Problem requirements
Go to the line containing "8. Nachdem Erkalten" in the records below and print it and every following line exactly, on through the line containing "En la propiedad", then stop.

Excerpted records
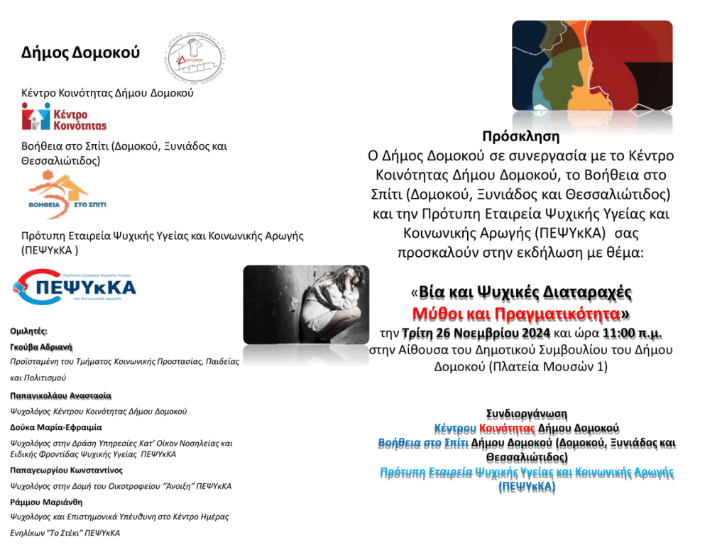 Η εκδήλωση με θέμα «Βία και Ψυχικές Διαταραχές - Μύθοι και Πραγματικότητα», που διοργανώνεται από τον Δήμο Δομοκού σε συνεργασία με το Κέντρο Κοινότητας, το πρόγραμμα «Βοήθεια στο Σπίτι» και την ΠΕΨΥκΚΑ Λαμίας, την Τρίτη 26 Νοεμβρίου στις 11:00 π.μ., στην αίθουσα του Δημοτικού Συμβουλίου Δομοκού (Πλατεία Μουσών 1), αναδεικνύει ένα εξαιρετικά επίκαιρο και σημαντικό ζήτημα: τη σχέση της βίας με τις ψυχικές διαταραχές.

==

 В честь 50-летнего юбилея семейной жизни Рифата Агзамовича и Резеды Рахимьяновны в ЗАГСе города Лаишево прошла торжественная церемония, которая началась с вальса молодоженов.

--

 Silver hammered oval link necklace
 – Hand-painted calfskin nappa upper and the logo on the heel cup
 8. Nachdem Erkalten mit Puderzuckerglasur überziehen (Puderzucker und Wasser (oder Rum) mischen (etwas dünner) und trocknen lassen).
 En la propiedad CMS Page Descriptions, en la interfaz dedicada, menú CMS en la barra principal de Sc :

Result
 8. Nachdem Erkalten mit Puderzuckerglasur überziehen (Puderzucker und Wasser (oder Rum) mischen (etwas dünner) und trocknen lassen).
 En la propiedad CMS Page Descriptions, en la interfaz dedicada, menú CMS en la barra principal de Sc :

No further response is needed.